A Supplemental Security Income (SSI) payment to which a home relief recipient would be entitled were the payment not being withheld by the Federal Government to recoup overpayment made because of its error is not available to, or being received by, the home relief recipient and may not be counted as income of the recipient in computing the home relief payment to be made to him or her. The order of the Appellate Division should, therefore, be reversed and the determination of the Commissioner of Social Services should be annulled to the extent inconsistent with this opinion.

Petitioner at the time of the home relief application here in question was 91 years of age and was receiving Social Security■ (OASDI) and SSI benefits. She resides with her niece who receives neither Federal nor State assistance benefits. Petitioner had been receiving OASDI of $114.10 and SSI of $79.90, but the Social Security Administration, concluding that it had erred in computing petitioner’s grant, reduced the SSI payment to $12.42 and, thereafter, suspended payment of the $12.42 amount to which petitioner was entitled in order to recoup the overpayment previously made to her through the administration’s error.

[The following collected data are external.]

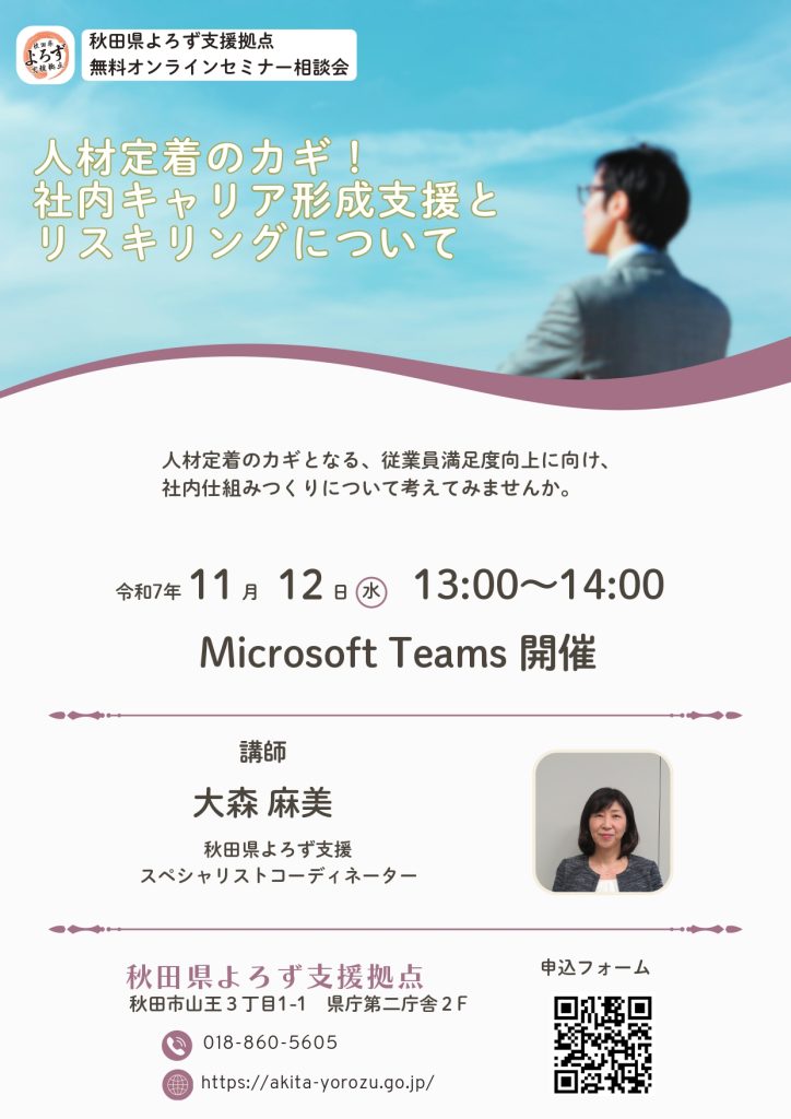 【令和7年11月12日開催】オンラインセミナー相談会「人材定着のカギ!社内キャリア形成支援とリスキリングについて」
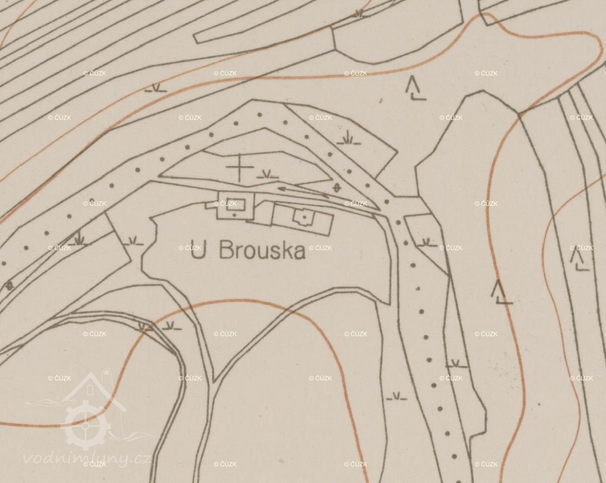 Mlýn o jednom kole na spodní vodu. V mapách zaměňován název Brouskův mlýn mezi dvěma sousedními mlýny. Mlýn vznikl až po pol. 19. stol., na historických mapách není.
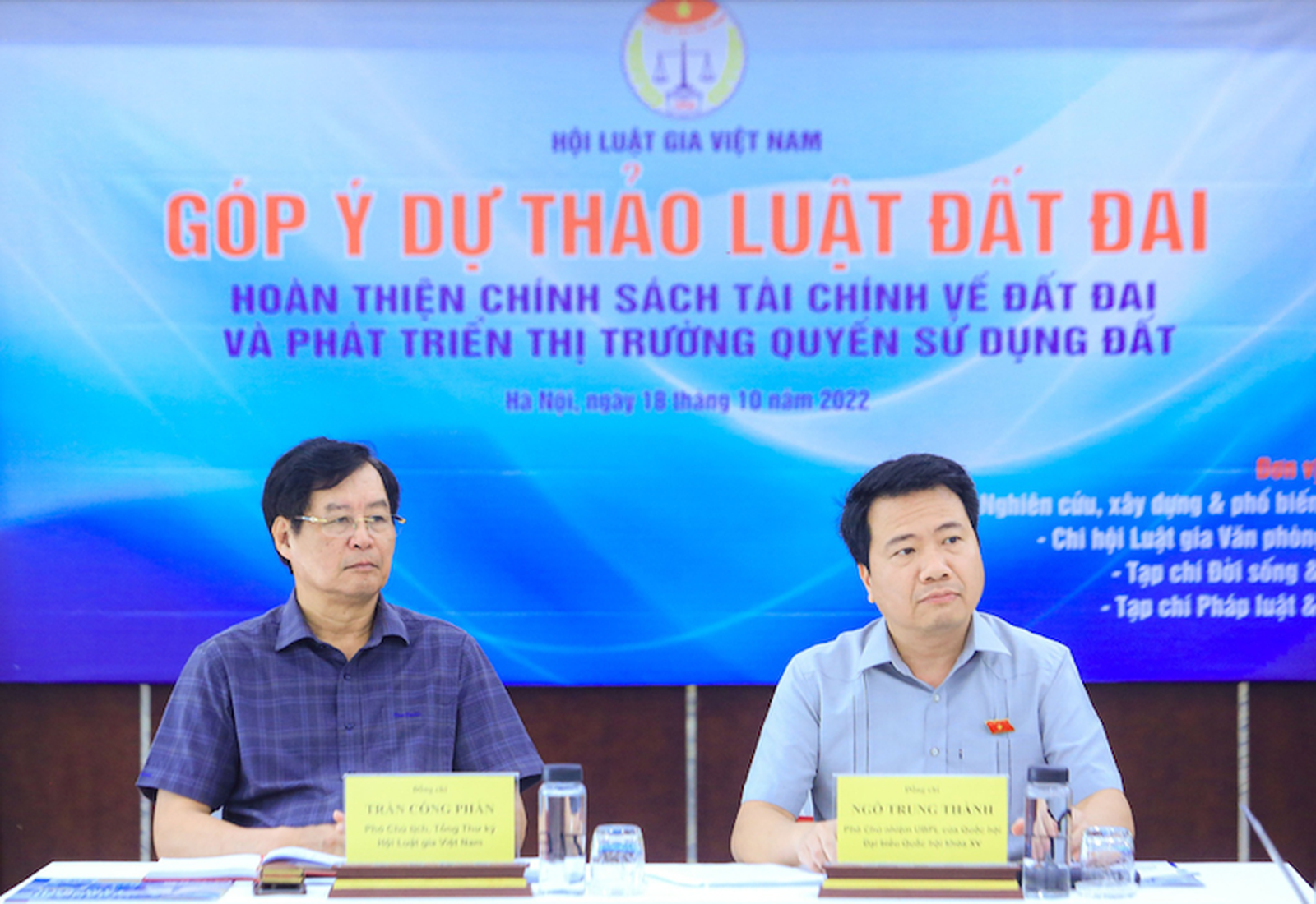 Hội thảo về chính sách tài chính đất đai do ông Trần Công Phàn, Phó Chủ tịch - Tổng Thư ký Hội Luật gia Việt Nam và ông Ngô Trung Thành, Phó Chủ nhiệm Ủy ban Pháp luật Quốc hội chủ trì. Ảnh: Đ.X

The overpayment was the result of calculating petitioner’s grant at the payment level for an individual living alone whereas petitioner, because she was living with her niece and not paying her pro rata share of the living expenses, was entitled only to the benefit payable to a person living in the household of another.

Because petitioner was thus reduced to her OASDI pension of $114.10 per month on which she could not subsist, she applied in April, 1978 for a home belief grant. The New York City Department of Social Services denied the *103application entirely because the Social Security Administration was recouping its SSI overpayment. On fair hearing, however, the State commissioner, applying our holding in Matter of Lee v Smith (43 NY2d 453), held that all home relief could not be denied because her public assistance needs were greater than her countable income even with the $12.42 SSI payment, and directed the city agency “to provide a supplemental grant of home relief with countable income consisting of the correct benefit level, including the$12.42recoupment” (italics supplied).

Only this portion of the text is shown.